Gemini “Personal Context.” When enabled, Gemini remembers key details and preferences from earlier chats to tailor responses. It’s on by default, rolling out first on Gemini 2.5 Pro in select countries, with a toggle in Settings.
Claude’s memory. Anthropic’s version, Search & Reference chats (rolling out to Max, Team, Enterprise), fetches relevant past threads only when you ask (not a persistent profile) across web, desktop, and mobile. Toggle under Settings → Profile.

Here are a few examples in action:

Ask Gemini: “Can you give me some new video ideas like the Japanese culture series we discussed?” and it remembers your chat and suggests follow‑ups.
Ask Claude: “Pick up the dashboard refactor we paused before vacation” and it’ll search and summarize relevant past chats, then continue.

Anthropic also just gave its Claude 4 Sonnet model a massive upgrade: a 1 million token context window (though Gemini has had for a while now). For context, that's enough to read an entire codebase with over 75,000 lines of code in a single prompt.
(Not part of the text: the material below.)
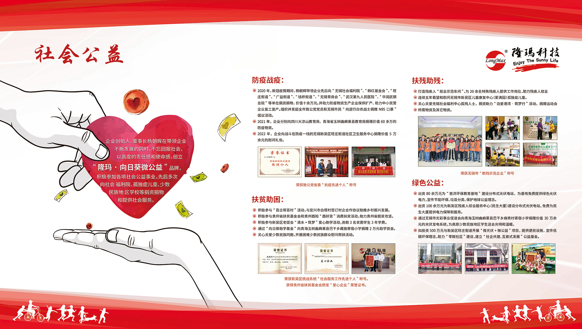 董事長(zhǎng)楊朝輝表示,無(wú)錫隆瑪科技股份有限公司成立至今,堅(jiān)持以“分享陽(yáng)光生活”作為企業(yè)發(fā)展的美好愿景,在不斷發(fā)展的同時(shí),不忘回報(bào)社會(huì),以高度的責(zé)任感和使命感,創(chuàng)立“隆瑪·向日葵微公益”品牌,已連續(xù)參加各項(xiàng)社會(huì)公益事業(yè)21年,先后多次向社會(huì)福利院、孤獨(dú)癥兒童、少數(shù)民族地區(qū)學(xué)校等捐資捐物和提供社會(huì)服務(wù)。未來(lái)我們還將繼續(xù)用這樣一縷微光,去溫暖更多的人。

Besides the obvious, why do memory and long context matter?

‍Because it impacts real-world reliability. Remember that study where AI research lab METR found that while developers thought AI made them 20% faster, it actually made them 19% slower?

Well, METR researchers just uncovered another troubling disconnect that explains why. In the report, titled "Algorithmic vs. Holistic Evaluation," researchers took an autonomous AI agent powered by Claude 3.7 Sonnet (notably a less powerful version than the leading Claude 4 Sonnet) and tasked it with completing 18 real-world software engineering tasks from large, complex open-source repositories. They then evaluated the AI’s work in two ways.
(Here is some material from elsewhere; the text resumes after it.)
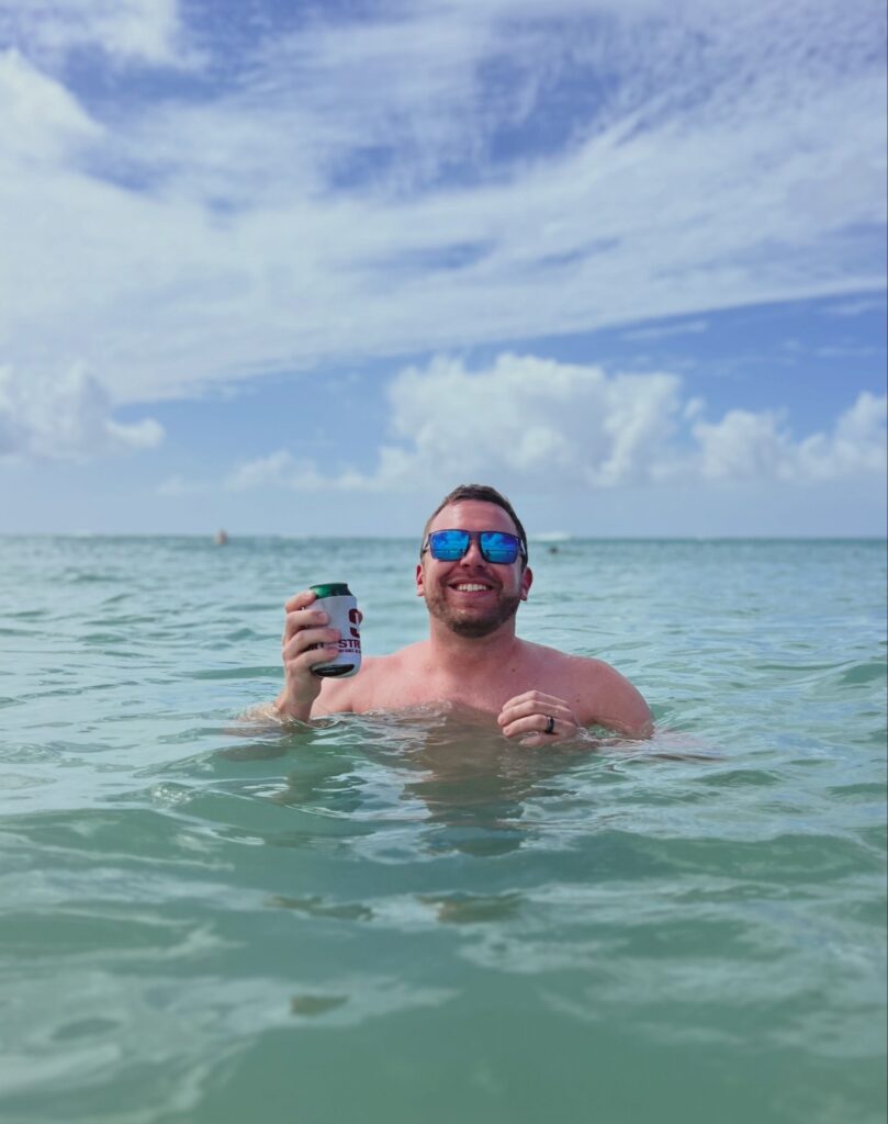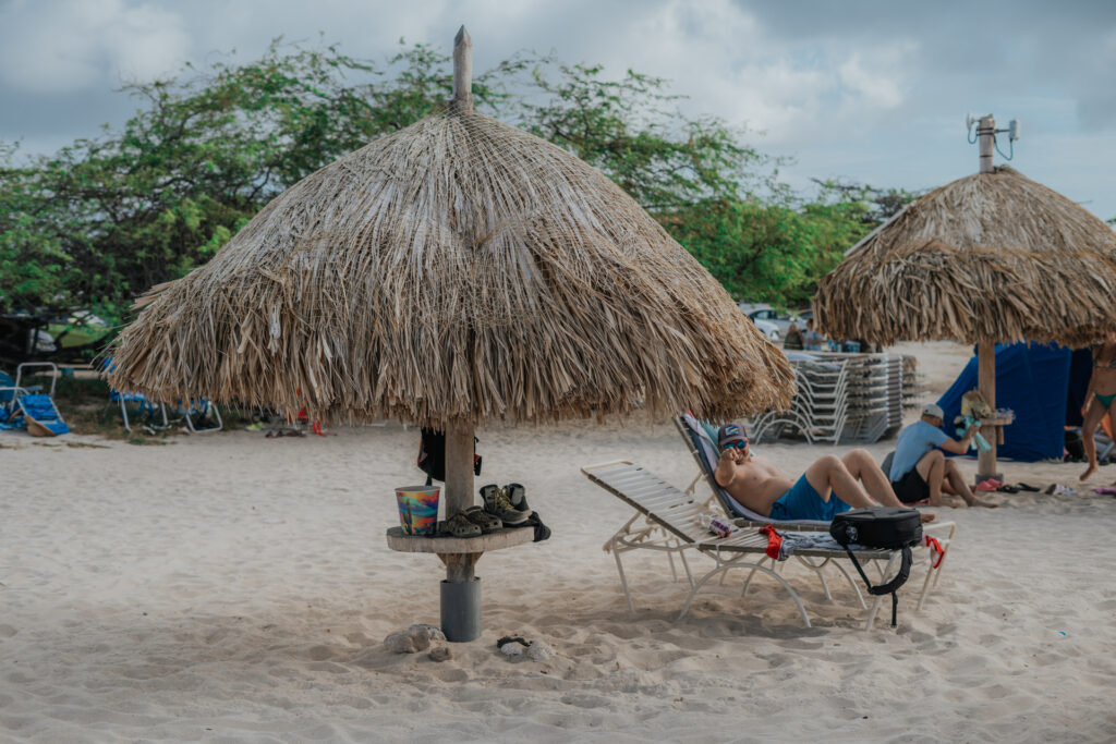 Through the bartender’s cousin, we got hooked up with a ride over to Eagle Beach, and that is where the day really turned. We rented a lil’ cabana set up for $35, got a bucket of Presidente beers, and settled in for what ended up being one of the best afternoons of the trip. We swam, laid in the sun, talked, tanned, and just enjoyed being exactly where we were. Aruba is truly stunning. The water that day had this electric green-blue color to it because of the high winds stirring everything up, and it was still so beautiful it almost didn’t look real. We had nowhere to be, nothing to fix, and no reason to rush. It was just the two of us, and after the way the day had started, that simplicity ended up being the best part.

First, they used algorithmic scoring, the standard for most AI benchmarks. They simply ran the automated tests that the original human developer had written for the task. By this measure, the AI agent appeared moderately successful, passed the test suite 38% of the time. If this were a benchmark like the popular SWE-Bench, it would be a respectable score.

But then came the second evaluation: holistic scoring. A human expert manually reviewed the AI's code to see if it was actually usable—if it could be merged into the real-world project. The results were damning. Zero percent of the AI’s submissions were mergeable as-is.

Even in the 38% of cases where the AI's code was "functionally correct" and passed all the tests, it was still a hot mess. The researchers estimated it would take an experienced human developer an average of 26 minutes to fix the AI’s "successful" work. That cleanup time represented about a third of the total time it would have taken a human to complete the entire task from scratch.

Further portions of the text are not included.